There was no emergency after all, it was just two former graduates of the college returning to donate their ambulance.
“That’s something you don’t see every day,” Dr. Youngblood said, referring to the gift from Mike and Jaime Smith of Crystal Coast Medical Transport. “Mike is a graduate of the college’s first paramedic class in 2001, and Jaime graduated from the program in 2005.”
The 1990 Ford diesel ambulance will be used by the college’s paramedic and emergency medical technician students and other health science programs to create realistic training scenarios involving the pick-up, transport, and treatment of simulated patients on the college campus.
“The ambulance will really add a dimension of realism to the program,” said Hetty Wallace, coordinator of the Emergency Medical Science program at the college. “We will use it to simulate realistic training scenarios around campus.”
Shortly after they had handed over the keys, Mike and Jaime Smith made it clear how important they think the donation is to future EMS workers and the county.
“Our purpose for the donation was to give the EMS students an additional training tool that was not available when we went through our EMS courses at the college,” said Jaime Smith. “There is a lot of difference between practicing skills in the classroom and using these skills in the back of a moving ambulance.”

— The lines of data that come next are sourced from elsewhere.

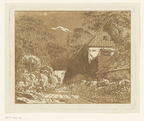 Curator: Here we have Célestin Nanteuil's "Bron bij Divonne", an engraving from 1856. Editor: It feels melancholic, almost… romantic in a mournful sense. The rapid water contrasts with the static figures dotted about, and it all feels very isolated despite those figures being present. Curator: Indeed. Nanteuil was working within a specific Romantic vision, one profoundly shaped by its socio-political era. Consider the rise of industrialization during that period. Landscapes like this one offered an idealized vision of nature, untouched by modern progress, yet inherently reshaped as a commodity through tourism. Editor: The figures really speak to this tension. Are they viewers of a natural spectacle, or are they complicit in its staging, their presence completing the idyllic scene? Who has access to these places, and how does that inform their reading of the landscape? Curator: Excellent questions! Think, too, of the burgeoning art market. Prints like these made picturesque scenes accessible to a wider public. One could possess a fragment of untamed nature within their own home, filtered through the artist's, and the publisher's, vision. Editor: So, it's a democratizing impulse mixed with a romanticizing and inevitably commercial gaze? I find myself wondering about the experience of those who couldn’t afford such art or access such scenes physically. Were they implicated in a visual economy that constantly rendered them absent? Curator: That’s exactly what I mean. The image invites reflection on these complexities. We can celebrate the Romantic’s sensitivity towards nature, whilst deconstructing who benefited, both materially and ideologically, from the way the natural world was presented at that time. Editor: Thinking about this piece helps to me realize that there isn’t a fixed universal meaning here. I believe, through an intersectional reading, this piece encourages us to continually re-evaluate what, whom, and how the narrative excludes or represents. Curator: It is, in effect, a document shaped by specific societal forces that we can still examine to create new perspectives today.
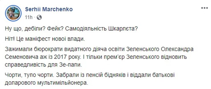 Но ход скандалу уже был дан. Сначала выдвигались версии, что это была инициатива самого Зеленского-младшего, но, если судить по пояснительной записке, отличился все же Сергей Шкарлет.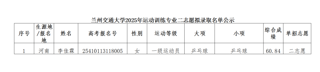 根据《2025年普通高等学校运动训练、武术与民族传统体育专业招生管理办法》(体科字〔2024〕256号)和《兰州交通大学2025年运动训练专业招生简章》等相关文件要求,拟录取符合条件的二志愿考生1人,现将拟录取名单予以公示,具体名单如下: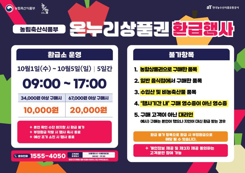 10월 1∼5일 전통시장서 국산 농축수산물 구매 시 온누리상품권 환급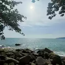 • A café perched on a hill by a rocky cliff, offering panoramic views of Kata and Karon beaches.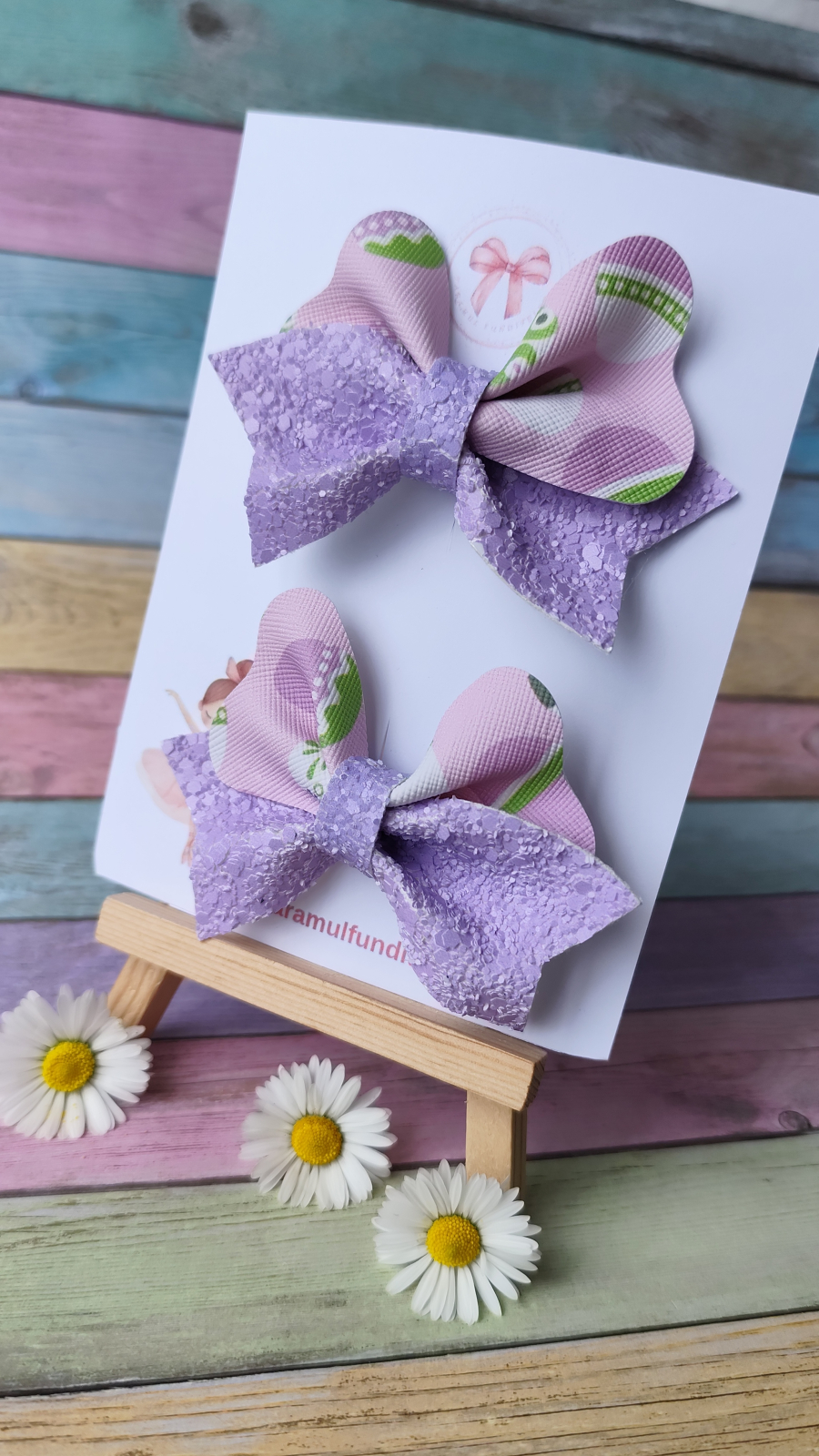 Set delicat de 2 fundițe mov, realizate din piele textilă de calitate, cu imprimeu vesel cu ouă decorative – ideale pentru sezonul de primăvară și sărbătorile pascale. Fiecare fundiță este atent lucrată și atașată pe clips tip aligator, fiind ușor de prins și confortabil de purtat.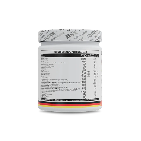 MST Good Night Sleep Formula 320 g Cherry ist ein Nahrungsergänzungsmittel in Pulverform mit einer Kombination aus L-Glutamin, GABA, Ashwagandha KSM-66®, L-Theanin, Lavendel, Panax Notoginseng, Astragalus membranaceus, L-Tryptophan, L-Arginin und Mikronährstoffen wie Magnesium, Zink und Vitamin B6 & C.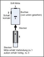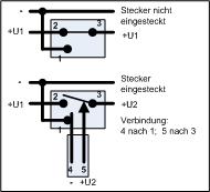 symbolische Darstellung. Im linken Bild erfolgt die Beschriftung und die Darstellung von Buchse und Stecker (Buchse von unten gesehen). Im rechten Bild wird die Funktion dargestellt. Beim Einstecken des Steckers erfolgt eine Verbindung des Stiftes der Buchse (1) mit dem Innen des Steckers (4). Die Verbindung (2) nach (3) in der Buchse wird unterbrochen und außen des Steckers (5) mit Anschluß (3) der Buchse verbunden. Will man also + schalten, so muss + auf (2) gelegt werden und auf den Stecker außen (5) das "neue" +. |

The Smiths started Crystal Coast Medical Transport in 2007 with two ambulances. Today, they have 44 employees and 10 ambulances. The majority of transports they perform move patients from the hospital to their homes or residential facilities, and also to physicians’ offices, dialysis treatment, and even to the emergency room.
“We are both natives of Carteret County, and we believe CCC is an asset to the county, and it gives a lot of folks the chance to expand their opportunities,” said Mike Smith. “We are really happy that we are now in a place where we can help contribute to this as well.”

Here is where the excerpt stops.